In December 2006, the Sunday Mail revealed that Kohli would be starring in a major ITV thriller, Losing Gemma. Starring alongside Alice Eve, he played "a member of the British High Commission, who helps a young British tourist jailed in Delhi, India". Kohli revealed in 2007 that he would be working on a radio comedy project for BBC Radio 4, entitled Fags, Mags and Bags. The series was broadcast in 2008 and was nominated for a Sony Award. The Daily Record also revealed Kohli would be writing for ITV children's show, My Life as a Popat. Kohli has also starred in BBC Three's Rush Hour as an intolerant taxicab driver, and on the same channel in Phoo Action as a television news presenter.

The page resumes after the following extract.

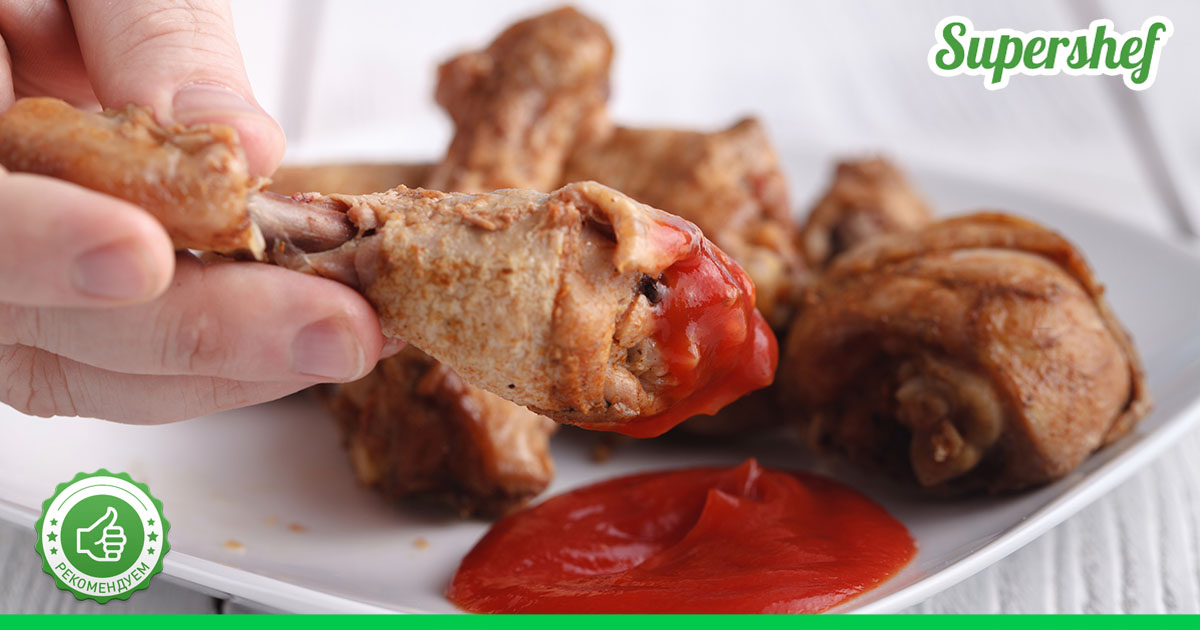 Куриные голени, бедра или крылья запеченные в нежном сливочном соусе со свежим овощным салатом или любым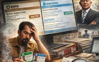 Pengakuan ini sontak memantik pertanyaan serius: Mengapa seorang operator dinas justru menyarankan pendataan, padahal status sekolah induk guru tersebut diketahui berada di MTs Darul Maghfiroh—lembaga di bawah Kementerian Agama, bukan Dinas Pendidikan?

On 21 August 2007, he presented a show called 10 Things To Hate About The Edinburgh Festival. Kohli also sometimes appears as a pundit on BBC One Scotland's Saturday afternoon Sportscene football programme. Kohli made a brief cameo in a speaking role as himself in an episode of BBC's VideoGaiden, where he received a fish in the mail as a gift from the hosts in an attempt to recreate the Nintendo game Animal Crossing. One of the hosts was Robert Florence, a writer whom Kohli worked with on Chewin' the Fat.

In February 2008, it was announced that he would play the role of God in the video for Glasgow band Attic Lights single "God."

In 2011, Kohli appeared on the Scottish tea-time magazine show The Hour on STV. He co-hosted in two separate weeks (ten episodes), alongside main presenter Michelle McManus.

In 2012, he appeared on the Channel 4 comedy programme Fresh Meat as a dentistry lecturer Dr Minaj.

In 2014, Kohli joined the rest of the cast of Still Game in the comeback live show at the SSE Hydro in Glasgow. There were 21 performances of the sold-out show.

In October 2015, Kohli made his first appearance as A.J. Jandhu in the Scottish soap opera River City.

Since April 2019, he has hosted Sanjeev Kohli's Big Talk on the BBC Scotland channel.

Filmography

Personal life

Kohli currently lives in Glasgow with his wife, Fiona, and their three children.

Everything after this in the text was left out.